Don't drop your bow arm. Bend at the waist. You have to keep your anchor points exactly the same for every shot. Make sure your rest is timed right. Good luck.


----------



## SonnyThomas (Sep 10, 2006)

20 feet up and 20 yards to the target do not make 20 yards. Gravity plays into the mix. You have to figure yardage straight out from you, not the incline. Where people mess up is practicing 20 yards on flat ground or practicing from a elevated platform and having a target set 20 yards from the platform.


----------



## LL710 (Jun 3, 2008)

crashdummy6 said:


> OK. I missed a doe about a week ago. i was about 20 feet up and the doe was about 22 yards. Over the back I went. I assumed I hit a branch. I just don't usually miss 20 yard shots. But to be sure, I went home and shot several shots from level ground and I was on the money.
> 
> Well, Saturday I had a doe about 20 yards again and i was about 20 feet up again, I made a very well aimed shot and spine shot the thing. I use a NAP drop away and love the thing. First year using it to hunt though. I did not practice elevated as I have always shot dead on either up or down. I used to do a lot of 3D shoots and don't have an issue with angles or posture.
> 
> ...



It shouldn't make a difference. It would be the same as shooting a downhill shot in 3D.


----------



## flag (Oct 4, 2009)

It shouldn't matter I shoot a ripcord and I climb 30ft and hold dead on and it hits where its suppose too. I have got so excited when a deer got close and I would use the wrong pin or forget to look through my peep and I would miss I shoot and hha sight now so that problem shouldn't happen again hopefully


----------



## bowkill82 (Jan 18, 2010)

ur arrow will hit high from that distance about 2 inches sounds like deer is jumping the string or in excitement ur doing something wrong just by chance are ur knocks brand new on ur hunting arrows ive had this happen were new knocks hit high so now i just knock my arrow 50 times before hunting with


----------



## 2nd_Shot (Feb 24, 2010)

Bend at the waist and aim the same place you would on the ground.

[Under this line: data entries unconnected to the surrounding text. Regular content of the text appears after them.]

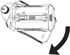 To install the battery cartridge, pull down the locking lever, and then open the battery cover. Align the tongue on the battery cartridge with the groove in the housing and slip it into place. Always insert it all the way until it locks in place with a little click.
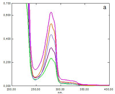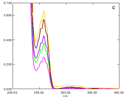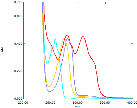 Fig. 2: The absorption spectrum of DEX overlaps 56µg/ml (), GUA32µg/ml (), DIF 13µg/ml (), mixture DEX+GUA+DIF ()
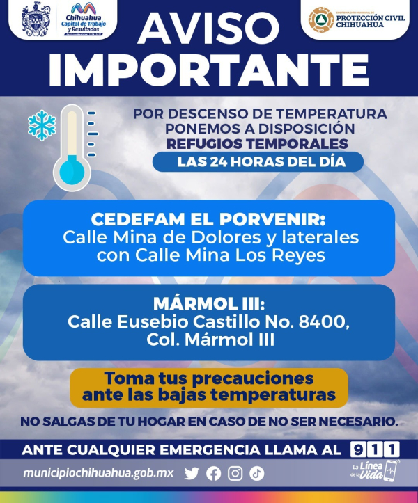 H. Ciudad de Chihuahua, Chih., a 8 de enero de 2026.- El Gobierno Municipal, a través del DIF y la Coordinación Municipal de Protección Civil, informa que, ante las bajas temperaturas donde pronostican mínimas de hasta -3°C para este fin de semana, del 9 al 11 de enero, se mantendrán habilitados las 24 horas los refugios temporales para resguardar a las personas que lo necesiten.

The key is to bend at the waist not dropping you bow arm. Your bow arm need to make the same angle from your body it does when shooting from the ground and the only way to keep it that way is to bend at the waist.


----------



## 2nd_Shot (Feb 24, 2010)

Here is what I do.

I draw just as if I was on the ground, find my anchor and peep to sight line. I then start bending at waist until pin is on target.

Another option I have done is (but correct form is the best option): Buy second sight. Change my sight that I use on the ground with new sight. Set targets at 20 - 30 yrds and get in stand. Set pins for the yardage you want.

Then if I am stand hunting I use my stand sight. If I am ground hunting or 3d I use my ground sight.


----------



## Whitetail-Freak (Jul 6, 2011)

I had the same thing happen last weekend. i rattled a buck into thirty yards. Everyone tells me its because i left my range finder when this is the first year i have ever owned one. Anyways it came into thirty yards and i stopped him in a shooting lane. I let the arrow fly and i stuck a cedar tree he was standing infront of. I shot right over his back. When i got home i went and shot. and everything was dead on. And i know for a fact it was thirty yards.


----------



## SonnyThomas (Sep 10, 2006)

[HR][/HR]


crashdummy6 said:


> Can the angle of the arrow laying on the rest make the arrow drop slower when the rest drops from under it and it is tilted down at a pretty good angle, compared to a full on 90 Degree gravity pull on a horizontal arrow?


To answer your question; No. Angle does not effect the arrow coming off the rest.

Example of gravity and distance; The Caterpillar Archery club always had a Tough Man shoot right before archery deer season. They seem always to have a super long shot down hill. On a straight line to the target the distance was probably 75 or 80 yards. If you shot it for that you'd better take plenty of water and food to go find your arrow. The 75 yard down hill shot required the use of the 25 yard pin. 

Bottom line; To figure the distance you would take the distance of the base of the tree or elevateted platform base to the intended target, not from you to the target.


----------



## toadyy (Jun 17, 2006)

Read this, it is a good explanation of shooting angles.

http://www.kingsmountainarchers.org/tips/angle-shots.html


----------



## fatboy111 (Mar 5, 2003)

I have seen where nock pinch will cause the arrow to "lift" when shooting downward, especially if a knot is tied above the arrow nock. Just a thought. Hope you have it resolved.


----------



## Blackbear74 (Aug 29, 2011)

fatboy111 said:


> I have seen where nock pinch will cause the arrow to "lift" when shooting downward, especially if a knot is tied above the arrow nock.


My thoughts exactly. You don't have enough down force on your rest when aiming at the downward angle causing arrow "float" on the launcher arm.


----------



## Logjamb (May 14, 2008)

I live in West Virginia and you can get no more shot angle than the places I hunt. That being said, Mr.Thomas is correct with his answer for you. Practice out of elevated platform and you will know how to adjust pin. I have a stand where a 30yrd shot requires me to hold 20yrd pin at bottom of deers chest. Tree stand is 24ft high but if I held 30yrd pin, arrow would miss deer high. Also when looking down on deer the kill is lower because you are looking at top of deer back and center of what you see is not center of kill.


----------



## mmiddleton (Mar 5, 2011)

You mright want to try creep tuning your bow. people tend to creep forward on downhill angle shots, and pull through the bow uphill shots. a good tuned bow will hit the same plane any way but cam timing will affect your hit piont.


----------